(Stored data)

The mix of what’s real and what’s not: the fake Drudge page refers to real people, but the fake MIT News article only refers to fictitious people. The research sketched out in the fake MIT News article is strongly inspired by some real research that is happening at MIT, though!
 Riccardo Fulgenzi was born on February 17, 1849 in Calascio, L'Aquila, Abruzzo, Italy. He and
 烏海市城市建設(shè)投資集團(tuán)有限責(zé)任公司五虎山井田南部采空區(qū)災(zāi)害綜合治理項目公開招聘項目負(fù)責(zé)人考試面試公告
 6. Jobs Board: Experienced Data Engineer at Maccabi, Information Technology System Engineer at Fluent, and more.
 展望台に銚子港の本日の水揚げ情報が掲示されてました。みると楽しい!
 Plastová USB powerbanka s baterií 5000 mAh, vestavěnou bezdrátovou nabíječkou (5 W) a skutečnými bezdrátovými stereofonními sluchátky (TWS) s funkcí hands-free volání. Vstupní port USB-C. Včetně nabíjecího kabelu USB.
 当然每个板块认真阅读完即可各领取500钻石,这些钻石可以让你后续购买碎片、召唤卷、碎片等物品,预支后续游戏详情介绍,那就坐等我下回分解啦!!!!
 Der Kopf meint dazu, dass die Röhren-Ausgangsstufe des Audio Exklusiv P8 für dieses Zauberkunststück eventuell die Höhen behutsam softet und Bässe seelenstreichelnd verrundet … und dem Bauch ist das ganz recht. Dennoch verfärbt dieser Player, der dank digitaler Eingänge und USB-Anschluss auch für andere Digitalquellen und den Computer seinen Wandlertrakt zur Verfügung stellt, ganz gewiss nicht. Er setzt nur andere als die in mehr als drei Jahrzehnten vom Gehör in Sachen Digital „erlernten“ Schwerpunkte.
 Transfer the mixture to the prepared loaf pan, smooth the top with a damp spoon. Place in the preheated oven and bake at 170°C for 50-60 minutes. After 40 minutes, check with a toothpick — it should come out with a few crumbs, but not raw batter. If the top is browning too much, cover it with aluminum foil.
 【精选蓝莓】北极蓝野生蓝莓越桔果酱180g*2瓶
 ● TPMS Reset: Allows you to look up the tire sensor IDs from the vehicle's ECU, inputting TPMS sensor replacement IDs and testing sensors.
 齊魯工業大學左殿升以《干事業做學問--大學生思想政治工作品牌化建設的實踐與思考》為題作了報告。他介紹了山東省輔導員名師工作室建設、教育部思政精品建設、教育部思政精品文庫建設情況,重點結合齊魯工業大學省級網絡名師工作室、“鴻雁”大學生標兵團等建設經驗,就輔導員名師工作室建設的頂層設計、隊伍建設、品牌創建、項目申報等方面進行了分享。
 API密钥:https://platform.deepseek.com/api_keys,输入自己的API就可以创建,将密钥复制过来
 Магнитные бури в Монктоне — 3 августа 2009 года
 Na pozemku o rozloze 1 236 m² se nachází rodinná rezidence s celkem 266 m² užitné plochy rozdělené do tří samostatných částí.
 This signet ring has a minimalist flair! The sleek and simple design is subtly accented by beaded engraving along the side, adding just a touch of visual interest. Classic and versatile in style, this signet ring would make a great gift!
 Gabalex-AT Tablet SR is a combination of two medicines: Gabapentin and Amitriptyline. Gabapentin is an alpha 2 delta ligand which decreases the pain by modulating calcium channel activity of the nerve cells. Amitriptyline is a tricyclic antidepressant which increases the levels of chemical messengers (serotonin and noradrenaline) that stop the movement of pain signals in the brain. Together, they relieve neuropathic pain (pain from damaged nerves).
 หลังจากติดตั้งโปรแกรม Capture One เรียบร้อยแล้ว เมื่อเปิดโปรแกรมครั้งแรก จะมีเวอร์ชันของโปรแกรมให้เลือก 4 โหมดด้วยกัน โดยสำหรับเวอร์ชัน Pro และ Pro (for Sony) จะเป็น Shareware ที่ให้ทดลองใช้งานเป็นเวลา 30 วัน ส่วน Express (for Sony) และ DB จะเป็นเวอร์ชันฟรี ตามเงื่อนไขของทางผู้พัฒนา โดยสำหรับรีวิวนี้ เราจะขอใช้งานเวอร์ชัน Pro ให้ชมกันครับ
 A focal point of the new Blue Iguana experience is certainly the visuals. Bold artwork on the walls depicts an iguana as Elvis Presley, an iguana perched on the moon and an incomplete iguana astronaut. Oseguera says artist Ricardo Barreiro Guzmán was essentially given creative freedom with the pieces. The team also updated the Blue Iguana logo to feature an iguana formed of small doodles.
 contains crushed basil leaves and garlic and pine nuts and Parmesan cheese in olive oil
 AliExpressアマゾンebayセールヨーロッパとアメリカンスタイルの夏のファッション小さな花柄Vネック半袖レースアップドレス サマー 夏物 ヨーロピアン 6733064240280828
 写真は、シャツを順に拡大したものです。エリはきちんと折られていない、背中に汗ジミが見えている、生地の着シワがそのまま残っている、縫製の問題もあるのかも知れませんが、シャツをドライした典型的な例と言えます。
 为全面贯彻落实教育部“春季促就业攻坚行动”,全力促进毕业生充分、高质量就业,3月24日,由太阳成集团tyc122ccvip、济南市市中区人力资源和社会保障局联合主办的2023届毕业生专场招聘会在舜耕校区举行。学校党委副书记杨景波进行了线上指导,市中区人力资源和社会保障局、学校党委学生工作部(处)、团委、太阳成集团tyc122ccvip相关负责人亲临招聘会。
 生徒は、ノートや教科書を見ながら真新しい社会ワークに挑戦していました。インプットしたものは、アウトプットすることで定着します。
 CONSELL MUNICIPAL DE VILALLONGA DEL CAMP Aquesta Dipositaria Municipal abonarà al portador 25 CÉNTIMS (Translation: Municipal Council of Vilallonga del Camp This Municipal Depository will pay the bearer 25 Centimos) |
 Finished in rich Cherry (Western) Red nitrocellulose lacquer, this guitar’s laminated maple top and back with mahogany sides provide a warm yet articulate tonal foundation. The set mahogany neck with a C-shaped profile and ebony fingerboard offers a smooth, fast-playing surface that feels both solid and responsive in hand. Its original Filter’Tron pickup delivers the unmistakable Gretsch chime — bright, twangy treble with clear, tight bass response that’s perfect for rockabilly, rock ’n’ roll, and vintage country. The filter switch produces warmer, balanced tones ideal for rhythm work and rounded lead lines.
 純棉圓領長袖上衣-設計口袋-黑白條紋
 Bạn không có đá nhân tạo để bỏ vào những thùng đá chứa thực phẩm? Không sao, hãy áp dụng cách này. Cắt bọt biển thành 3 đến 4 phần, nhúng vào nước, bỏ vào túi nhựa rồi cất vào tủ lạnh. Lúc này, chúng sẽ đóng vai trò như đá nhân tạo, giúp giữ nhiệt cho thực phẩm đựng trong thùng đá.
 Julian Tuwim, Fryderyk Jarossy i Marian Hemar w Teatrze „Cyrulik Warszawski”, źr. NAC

### ACTIVITY:
Every record above is to be restated exactly as it reads.

### TASK RESPONSE:
The mix of what’s real and what’s not: the fake Drudge page refers to real people, but the fake MIT News article only refers to fictitious people. The research sketched out in the fake MIT News article is strongly inspired by some real research that is happening at MIT, though!
 Riccardo Fulgenzi was born on February 17, 1849 in Calascio, L'Aquila, Abruzzo, Italy. He and
 烏海市城市建設(shè)投資集團(tuán)有限責(zé)任公司五虎山井田南部采空區(qū)災(zāi)害綜合治理項目公開招聘項目負(fù)責(zé)人考試面試公告
 6. Jobs Board: Experienced Data Engineer at Maccabi, Information Technology System Engineer at Fluent, and more.
 展望台に銚子港の本日の水揚げ情報が掲示されてました。みると楽しい!
 Plastová USB powerbanka s baterií 5000 mAh, vestavěnou bezdrátovou nabíječkou (5 W) a skutečnými bezdrátovými stereofonními sluchátky (TWS) s funkcí hands-free volání. Vstupní port USB-C. Včetně nabíjecího kabelu USB.
 当然每个板块认真阅读完即可各领取500钻石,这些钻石可以让你后续购买碎片、召唤卷、碎片等物品,预支后续游戏详情介绍,那就坐等我下回分解啦!!!!
 Der Kopf meint dazu, dass die Röhren-Ausgangsstufe des Audio Exklusiv P8 für dieses Zauberkunststück eventuell die Höhen behutsam softet und Bässe seelenstreichelnd verrundet … und dem Bauch ist das ganz recht. Dennoch verfärbt dieser Player, der dank digitaler Eingänge und USB-Anschluss auch für andere Digitalquellen und den Computer seinen Wandlertrakt zur Verfügung stellt, ganz gewiss nicht. Er setzt nur andere als die in mehr als drei Jahrzehnten vom Gehör in Sachen Digital „erlernten“ Schwerpunkte.
 Transfer the mixture to the prepared loaf pan, smooth the top with a damp spoon. Place in the preheated oven and bake at 170°C for 50-60 minutes. After 40 minutes, check with a toothpick — it should come out with a few crumbs, but not raw batter. If the top is browning too much, cover it with aluminum foil.
 【精选蓝莓】北极蓝野生蓝莓越桔果酱180g*2瓶
 ● TPMS Reset: Allows you to look up the tire sensor IDs from the vehicle's ECU, inputting TPMS sensor replacement IDs and testing sensors.
 齊魯工業大學左殿升以《干事業做學問--大學生思想政治工作品牌化建設的實踐與思考》為題作了報告。他介紹了山東省輔導員名師工作室建設、教育部思政精品建設、教育部思政精品文庫建設情況,重點結合齊魯工業大學省級網絡名師工作室、“鴻雁”大學生標兵團等建設經驗,就輔導員名師工作室建設的頂層設計、隊伍建設、品牌創建、項目申報等方面進行了分享。
 API密钥:https://platform.deepseek.com/api_keys,输入自己的API就可以创建,将密钥复制过来
 Магнитные бури в Монктоне — 3 августа 2009 года
 Na pozemku o rozloze 1 236 m² se nachází rodinná rezidence s celkem 266 m² užitné plochy rozdělené do tří samostatných částí.
 This signet ring has a minimalist flair! The sleek and simple design is subtly accented by beaded engraving along the side, adding just a touch of visual interest. Classic and versatile in style, this signet ring would make a great gift!
 Gabalex-AT Tablet SR is a combination of two medicines: Gabapentin and Amitriptyline. Gabapentin is an alpha 2 delta ligand which decreases the pain by modulating calcium channel activity of the nerve cells. Amitriptyline is a tricyclic antidepressant which increases the levels of chemical messengers (serotonin and noradrenaline) that stop the movement of pain signals in the brain. Together, they relieve neuropathic pain (pain from damaged nerves).
 หลังจากติดตั้งโปรแกรม Capture One เรียบร้อยแล้ว เมื่อเปิดโปรแกรมครั้งแรก จะมีเวอร์ชันของโปรแกรมให้เลือก 4 โหมดด้วยกัน โดยสำหรับเวอร์ชัน Pro และ Pro (for Sony) จะเป็น Shareware ที่ให้ทดลองใช้งานเป็นเวลา 30 วัน ส่วน Express (for Sony) และ DB จะเป็นเวอร์ชันฟรี ตามเงื่อนไขของทางผู้พัฒนา โดยสำหรับรีวิวนี้ เราจะขอใช้งานเวอร์ชัน Pro ให้ชมกันครับ
 A focal point of the new Blue Iguana experience is certainly the visuals. Bold artwork on the walls depicts an iguana as Elvis Presley, an iguana perched on the moon and an incomplete iguana astronaut. Oseguera says artist Ricardo Barreiro Guzmán was essentially given creative freedom with the pieces. The team also updated the Blue Iguana logo to feature an iguana formed of small doodles.
 contains crushed basil leaves and garlic and pine nuts and Parmesan cheese in olive oil
 AliExpressアマゾンebayセールヨーロッパとアメリカンスタイルの夏のファッション小さな花柄Vネック半袖レースアップドレス サマー 夏物 ヨーロピアン 6733064240280828
 写真は、シャツを順に拡大したものです。エリはきちんと折られていない、背中に汗ジミが見えている、生地の着シワがそのまま残っている、縫製の問題もあるのかも知れませんが、シャツをドライした典型的な例と言えます。
 为全面贯彻落实教育部“春季促就业攻坚行动”,全力促进毕业生充分、高质量就业,3月24日,由太阳成集团tyc122ccvip、济南市市中区人力资源和社会保障局联合主办的2023届毕业生专场招聘会在舜耕校区举行。学校党委副书记杨景波进行了线上指导,市中区人力资源和社会保障局、学校党委学生工作部(处)、团委、太阳成集团tyc122ccvip相关负责人亲临招聘会。
 生徒は、ノートや教科書を見ながら真新しい社会ワークに挑戦していました。インプットしたものは、アウトプットすることで定着します。
 CONSELL MUNICIPAL DE VILALLONGA DEL CAMP Aquesta Dipositaria Municipal abonarà al portador 25 CÉNTIMS (Translation: Municipal Council of Vilallonga del Camp This Municipal Depository will pay the bearer 25 Centimos) |
 Finished in rich Cherry (Western) Red nitrocellulose lacquer, this guitar’s laminated maple top and back with mahogany sides provide a warm yet articulate tonal foundation. The set mahogany neck with a C-shaped profile and ebony fingerboard offers a smooth, fast-playing surface that feels both solid and responsive in hand. Its original Filter’Tron pickup delivers the unmistakable Gretsch chime — bright, twangy treble with clear, tight bass response that’s perfect for rockabilly, rock ’n’ roll, and vintage country. The filter switch produces warmer, balanced tones ideal for rhythm work and rounded lead lines.
 純棉圓領長袖上衣-設計口袋-黑白條紋
 Bạn không có đá nhân tạo để bỏ vào những thùng đá chứa thực phẩm? Không sao, hãy áp dụng cách này. Cắt bọt biển thành 3 đến 4 phần, nhúng vào nước, bỏ vào túi nhựa rồi cất vào tủ lạnh. Lúc này, chúng sẽ đóng vai trò như đá nhân tạo, giúp giữ nhiệt cho thực phẩm đựng trong thùng đá.
 Julian Tuwim, Fryderyk Jarossy i Marian Hemar w Teatrze „Cyrulik Warszawski”, źr. NAC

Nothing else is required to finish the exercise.